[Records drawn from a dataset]
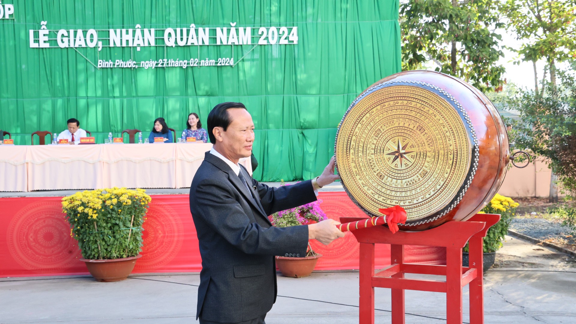 Chủ tịch UBND huyện, Chủ tịch HĐNVQS huyện Lê Quang Oanh vang lên hồi trống khai mạc lễ giao nhận quân năm 2024
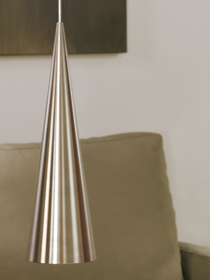 Sleek satin nickel metal cone, available in large and small versions. Includes low-voltage, 35 watt MR16 flood lamp or 6 watt replaceable LED module and six feet of field-cuttable suspension cable.
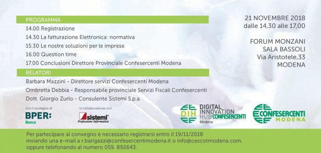 MERCOLEDI’ 21 NOVEMBRE 2018, INIZIATIVA CONFESERCENTI MODENA
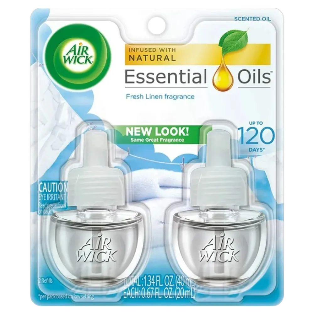 El recambio doble del ambientador de aceite perfumado Air Wick está diseñado para agregar una fragancia fresca constante y duradera a un dormitorio, baño, sala de estar o estudio. Este recambio de ambientador de aceite perfumado Air Wick viene en un paquete doble para su comodidad. Capta la frescura de la ropa de cama que se mece con la brisa, suavemente perfumada por las lilas blancas cercanas. Este recambio de aceite es fácil de usar, simplemente conecte el calentador de aceite perfumado e inserte este recambio. Cuando se acabe el aceite, puedes optar por sustituirlo por la misma fragancia o por otra diferente. Los ambientadores Air Wick Scented Oil Refills son compatibles con todos los calentadores de aceite perfumado Air Wick.
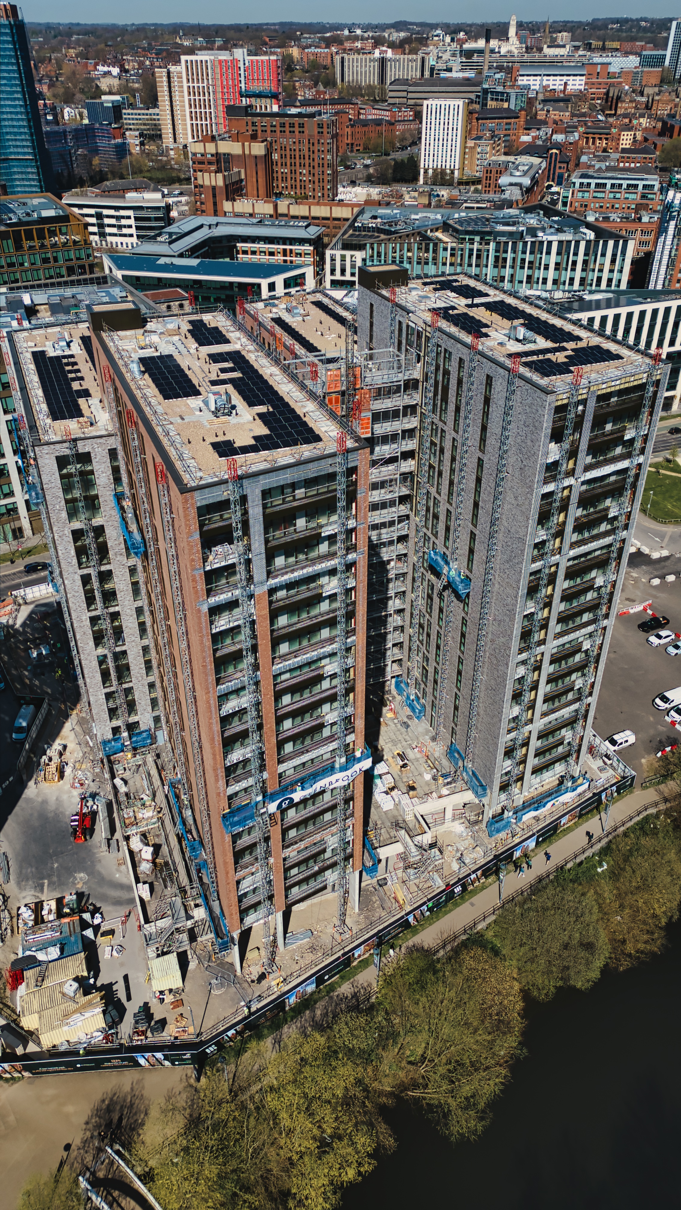 Aerial view of three tall buildings under construction in an urban area, featuring solar panels, cranes, and surrounding cityscape in Leeds, UK.
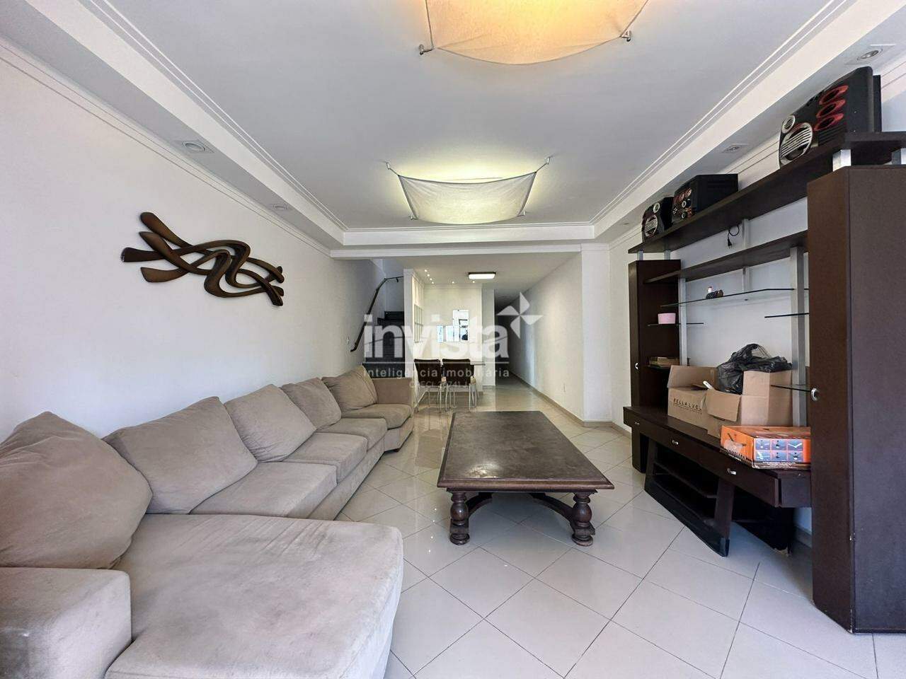 Primeiro piso há uma sala com dois ambientes, três quartos, sendo um deles uma suíte, uma cozinha espaçosa e uma área de serviço.
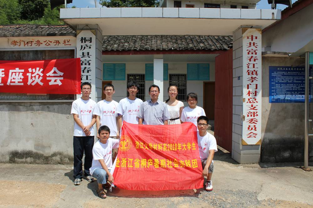 8月1日,研究生暑期一开始,浙江大学材料系赴桐庐暑期社会实践团一行8人就马不停蹄地来到了实践目的地浙江省桐庐县富春江镇孝门村。这支队伍全部由博士和硕士研究生组成,有感于温总理说的“不懂农村和农民就不懂国情”,同学们决定好好利用这次机会,走进农村开展暑期社会实践活动。在团队负责人吴�的积极联系下,团队和富春江镇团委将共同开展为期4天的“求是学子支援新农村建设”主题暑期实践活动。
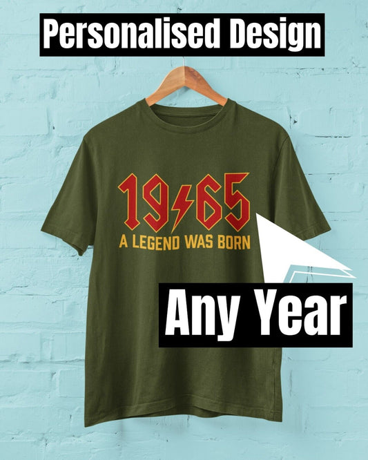 Funny ANY YEAR A Legend Was Born Rock Font T Shirt Personalised For Any Birthday
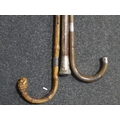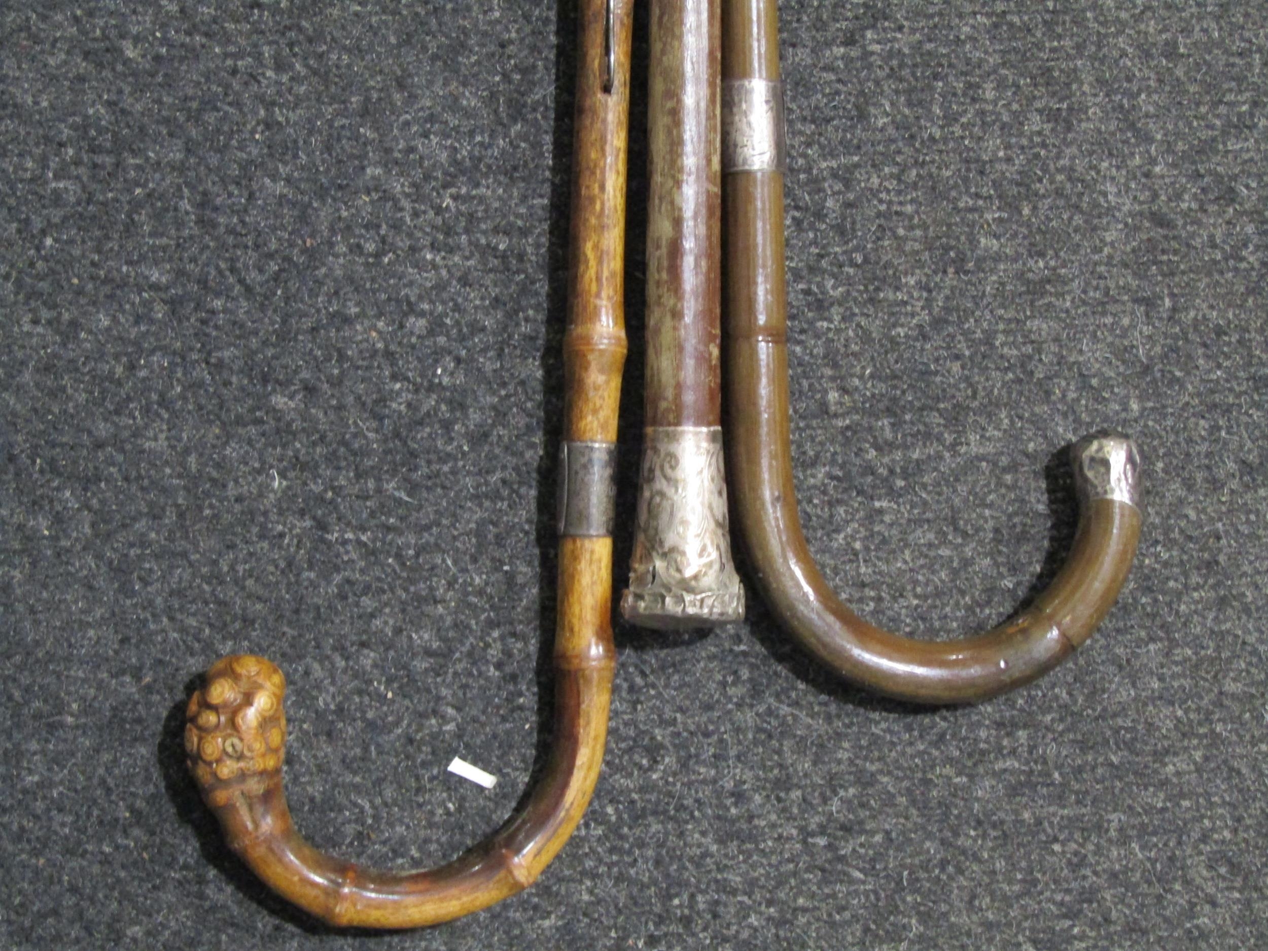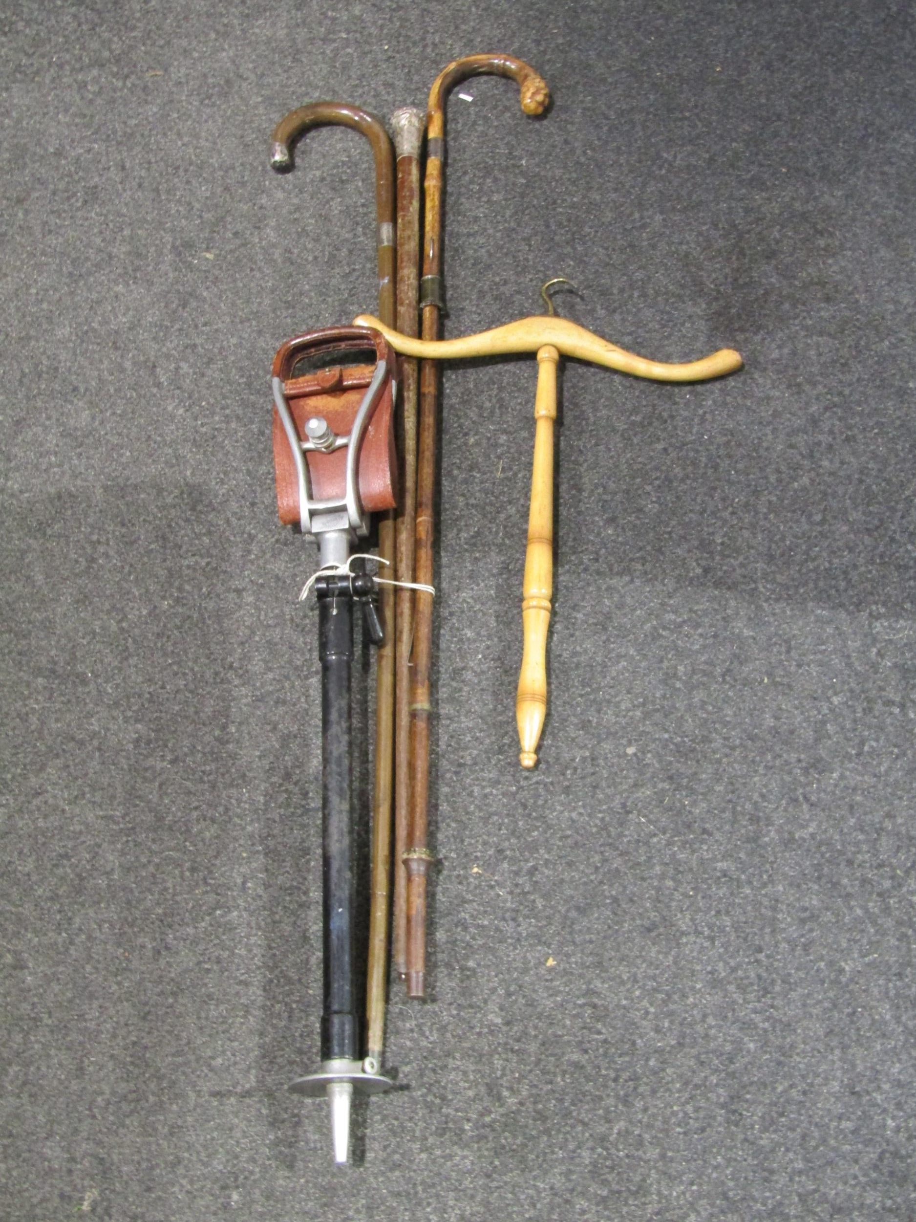 A bundle of walking sticks with shooting stick and hanger, two with silver handles and bands (5)
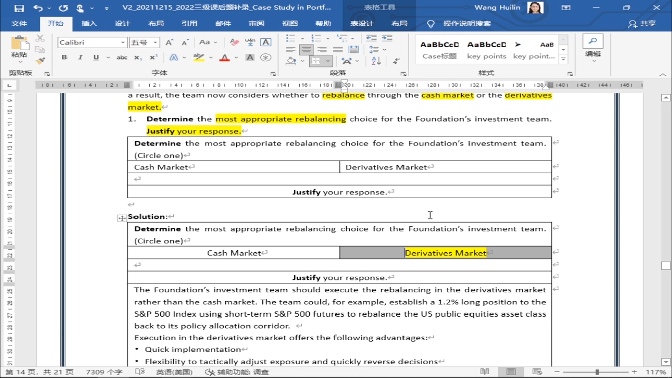 R10课后题34题,原来问过,给的答案如下: 同学你好,这个题协会出错了。他的外币是USD,本币是EUR,汇率给的是USD/EUR,因此要把USD敞口转换成EUR应该是除以汇率,而不是乘以汇率。他有2.5M的USD敞口,通过short一个月的远期或期货来对冲。在一个月之后,远期快到期的时间,他要进行转仓,因此他的做法是long USD现货,再short一个月的USD forward。 因此第一步,他一个月前签的short 2.5 USD forward现在要变成,long USD,而long USD就是short EUR,因此USD/EUR的汇率形式,应该使用便宜的EUR价格,所以是除以0.8875,得到2.5M USD/0.8875 USD/EUR=2816901EUR (支出EUR,买USD,因此EUR是现金流出) 然后再short,一个月的远期卖USD,由于现在USD的敞口是2.65M,因此要short 2.65M的USD,未来卖USD,就是未来买EUR,因此要用贵的价格,再加上forward points,因此用0.8876+25bps=0.8901 USD/EUR的远期汇率。 因此一个月后可以卖出2.65M USD获得2.65M USD/0.8901 USD/EUR=2977194 EUR (一个月后卖出USD,获得EUR,因此是EUR流入) 这样就可以计算EUR角度的净现金流了,在一月前支出2816901EUR,在一个月后流入2977194 EUR,因此收减支,净现金流为:160293 EUR。 我现在有一点不明白,一个月前是short forward 卖USD,现在要close掉,买usd 支付eur ,现金流是支出的,这个我理解,那在开一个新的forward ,在未来的一个月后以一个汇率卖出usd ,那么此时并没有现金的流入流出,而是未来以某一价格卖出usd ,为什么现在有个流入呢,有点不理解
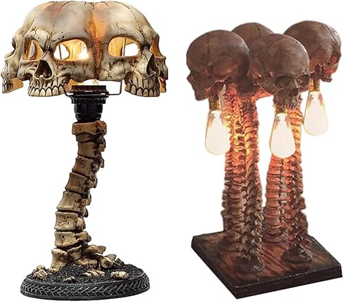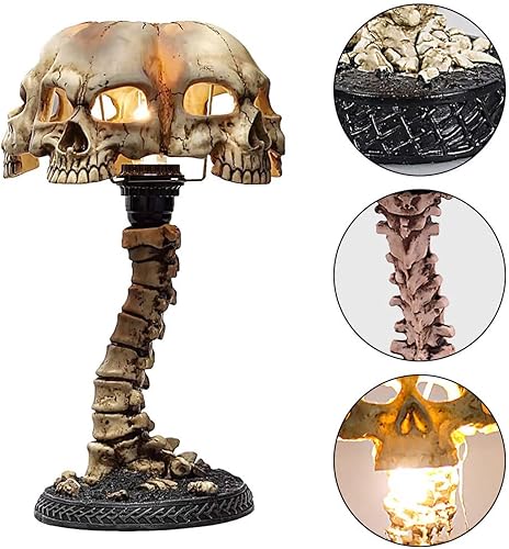 Statue de tête de mort à LED pour décoration de table de bar, veilleuse en résine, accessoire de crâne d'horreur pour maison hantée, décoration de fête avec LED lampe de bureau pour vacances ou

• What to do
What's needed is an exact copy of the records above from the line containing "El recambio doble" down to the line containing "USD现货,再short一个月的USD forward。 因此第一步,他一个月前签的short", both included, without any pictures.

• Solution below
 El recambio doble del ambientador de aceite perfumado Air Wick está diseñado para agregar una fragancia fresca constante y duradera a un dormitorio, baño, sala de estar o estudio. Este recambio de ambientador de aceite perfumado Air Wick viene en un paquete doble para su comodidad. Capta la frescura de la ropa de cama que se mece con la brisa, suavemente perfumada por las lilas blancas cercanas. Este recambio de aceite es fácil de usar, simplemente conecte el calentador de aceite perfumado e inserte este recambio. Cuando se acabe el aceite, puedes optar por sustituirlo por la misma fragancia o por otra diferente. Los ambientadores Air Wick Scented Oil Refills son compatibles con todos los calentadores de aceite perfumado Air Wick.
 Aerial view of three tall buildings under construction in an urban area, featuring solar panels, cranes, and surrounding cityscape in Leeds, UK.
 Primeiro piso há uma sala com dois ambientes, três quartos, sendo um deles uma suíte, uma cozinha espaçosa e uma área de serviço.
 8月1日,研究生暑期一开始,浙江大学材料系赴桐庐暑期社会实践团一行8人就马不停蹄地来到了实践目的地浙江省桐庐县富春江镇孝门村。这支队伍全部由博士和硕士研究生组成,有感于温总理说的“不懂农村和农民就不懂国情”,同学们决定好好利用这次机会,走进农村开展暑期社会实践活动。在团队负责人吴�的积极联系下,团队和富春江镇团委将共同开展为期4天的“求是学子支援新农村建设”主题暑期实践活动。
 Funny ANY YEAR A Legend Was Born Rock Font T Shirt Personalised For Any Birthday
 A bundle of walking sticks with shooting stick and hanger, two with silver handles and bands (5)
 R10课后题34题,原来问过,给的答案如下: 同学你好,这个题协会出错了。他的外币是USD,本币是EUR,汇率给的是USD/EUR,因此要把USD敞口转换成EUR应该是除以汇率,而不是乘以汇率。他有2.5M的USD敞口,通过short一个月的远期或期货来对冲。在一个月之后,远期快到期的时间,他要进行转仓,因此他的做法是long USD现货,再short一个月的USD forward。 因此第一步,他一个月前签的short 2.5 USD forward现在要变成,long USD,而long USD就是short EUR,因此USD/EUR的汇率形式,应该使用便宜的EUR价格,所以是除以0.8875,得到2.5M USD/0.8875 USD/EUR=2816901EUR (支出EUR,买USD,因此EUR是现金流出) 然后再short,一个月的远期卖USD,由于现在USD的敞口是2.65M,因此要short 2.65M的USD,未来卖USD,就是未来买EUR,因此要用贵的价格,再加上forward points,因此用0.8876+25bps=0.8901 USD/EUR的远期汇率。 因此一个月后可以卖出2.65M USD获得2.65M USD/0.8901 USD/EUR=2977194 EUR (一个月后卖出USD,获得EUR,因此是EUR流入) 这样就可以计算EUR角度的净现金流了,在一月前支出2816901EUR,在一个月后流入2977194 EUR,因此收减支,净现金流为:160293 EUR。 我现在有一点不明白,一个月前是short forward 卖USD,现在要close掉,买usd 支付eur ,现金流是支出的,这个我理解,那在开一个新的forward ,在未来的一个月后以一个汇率卖出usd ,那么此时并没有现金的流入流出,而是未来以某一价格卖出usd ,为什么现在有个流入呢,有点不理解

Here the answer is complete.